TASK PROMPT: Retype the material below exactly, from its first line through the line with "Ein schwarzer Hintergrund"; the pictures stay out.

————

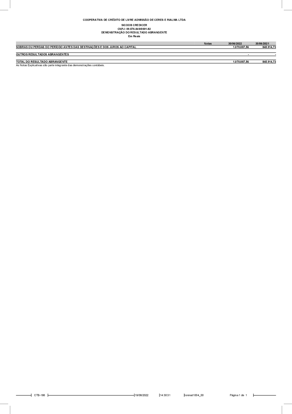 SICOOB CREDICER - DEMONSTRAÇÃO DO RESULTADO ABRANGENTE
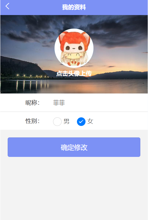 - 用户认证:通过手机号注册、登录系统,并可修改个人昵称、头像、性别等信息。
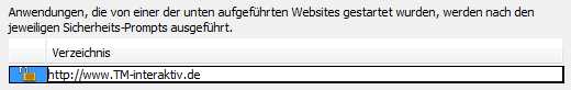 Die Standardeinstellung für die Sicherheitsebene "Hoch (Mindestempfehlung)" gestattet also nur die Ausführung von zertifizierten Programmen. Zwei Wege sind möglich, um trotzdem die Programme unter "TM-interaktiv" ausführen zu können:
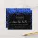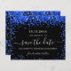 Ein schwarzer Hintergrund mit königsblauen Konfetti. Personalisieren und fügen Sie Datum und Name/Alter hinzu. Der Text: Save the Date ist mit einem großen angesagten, handgeschriebenen Stilskript geschrieben.
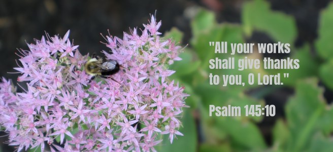 As I read Psalm 145 I find myself wondering too about how the bumblebees thank God. I can honestly say that I really had not considered that question before now. Yet, the psalmist claims that all of God’s works shall give thanks so that must include the bumblebees. Maybe it’s something expressed by their buzzing. Maybe it’s how they just be as bees without worrying about anything. Maybe it’s in how they delight God in a way not so different in how they delight me.

————

REPLY:
 SICOOB CREDICER - DEMONSTRAÇÃO DO RESULTADO ABRANGENTE
 - 用户认证:通过手机号注册、登录系统,并可修改个人昵称、头像、性别等信息。
 Die Standardeinstellung für die Sicherheitsebene "Hoch (Mindestempfehlung)" gestattet also nur die Ausführung von zertifizierten Programmen. Zwei Wege sind möglich, um trotzdem die Programme unter "TM-interaktiv" ausführen zu können:
 Ein schwarzer Hintergrund mit königsblauen Konfetti. Personalisieren und fügen Sie Datum und Name/Alter hinzu. Der Text: Save the Date ist mit einem großen angesagten, handgeschriebenen Stilskript geschrieben.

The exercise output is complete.